Given my extensive knowledge of the Spanish language, I assume that adding -ito to the word Camino conveys the nature of my effort to tackle portions of the Camino de Santiago in two short trips. If not, I doubt any of the poor bastards who tried to teach me Spanish will be surprised by my failure.
My first stage starts tomorrow, with a train ride (my first, outside of airport shuttles, since age 5) from Bordeaux to the traditional starting point of the Camino Frances, a small town called St. Jean Pied de Port, on the French side of the border. From there, I will spend the next seven days trekking across paths, mountains, asphalt and cities to end up in Logroño, Spain if all goes well. In all, a total of just under 100 miles for this first stage, which will be interrupted by a stay in a cabin in Cantabria.
I’m apprehensive. And excited. And scared. And exhilirated. And just about everything else. I’m not sure if I am ready for the physical challenge, and I’m not sure I’m ready for the challenge of the very close, communal quarters of Camino living. I think if someone designed a challenge for a middle-aged creature of relative comfort who has a pretty serious streak of introversion, this would be it.

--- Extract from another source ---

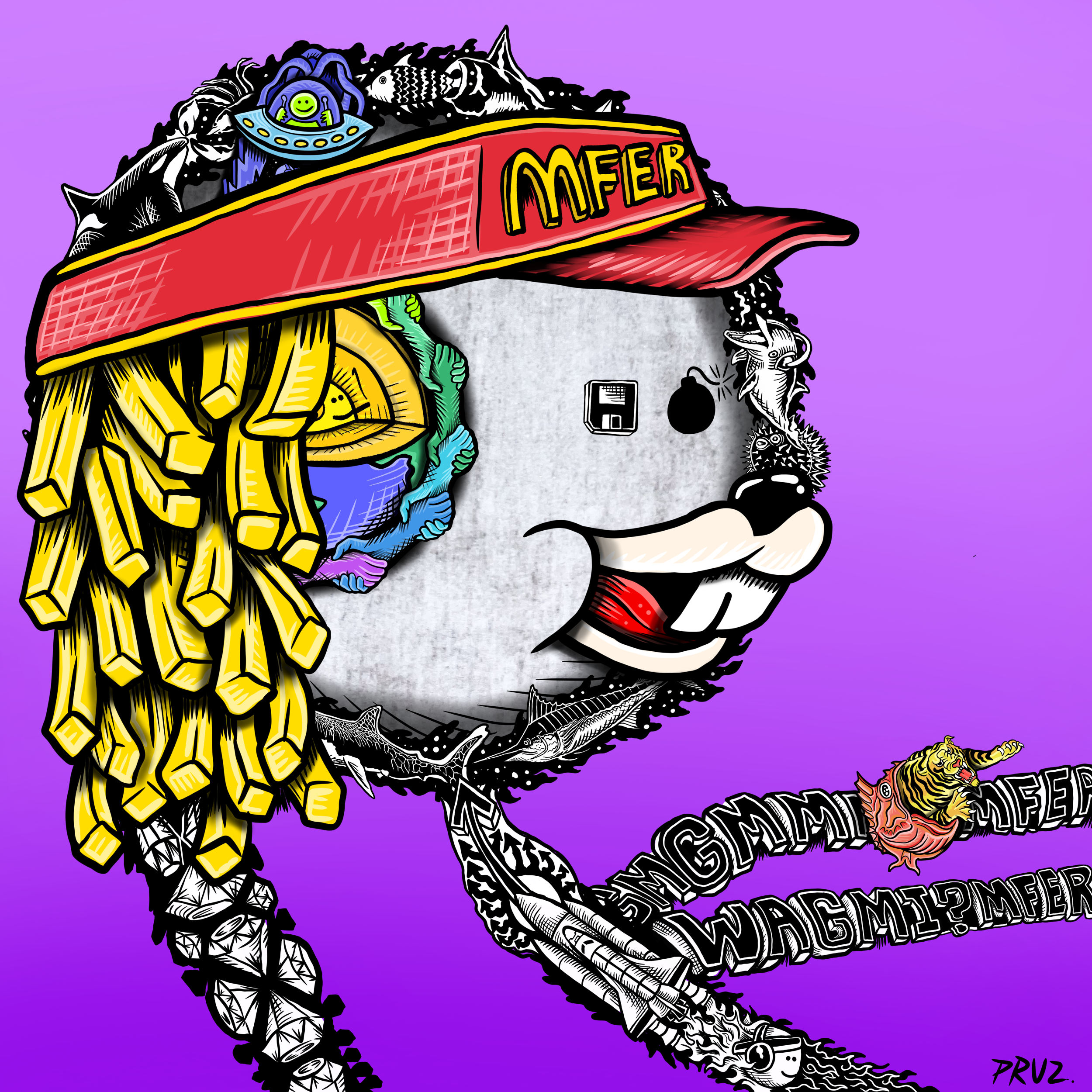 "fine art mfers" is a collection of 4200 hand-drawn degens by renowned artist marlon pruz. a tribute to the og mfers nft, every trait was painstakingly drawn. no matter the rarity, each piece was designed to be a 1 of 1 masterpiece filled with easter eggs, cultural references, and a mind-blowing amount of detail. marlon flips the simplicity of mfers by using them as a template for these high-quality illustrations.

Tonight, I am trying to figure out what I can take in my pack and what I can (and must) leave behind. Everything I cannot take with me was nothing more than something that made the first stages of my journey more comfortable; what remains are the essentials of a successful journey. As I struggle to get the weight of my pack down to the leanest set of goods possible, it’s easy to see that the most important thing I need to leave behind here in lovely Bordeaux are my fears, not the sensible fears about wild dogs and getting lost in the Spanish countryside, nor even my fears about my physical limitations on the hike, but the most important, heaviest fears: the fact that I don’t know what’s going to happen and that I don’t have complete control over what is about to follow.
What I do have control over is simple: the size of my pack, and measure of my pace as I put one foot ahead of the next. To imagine we ever really have much more control over our lives than that might just be an illusion anyway.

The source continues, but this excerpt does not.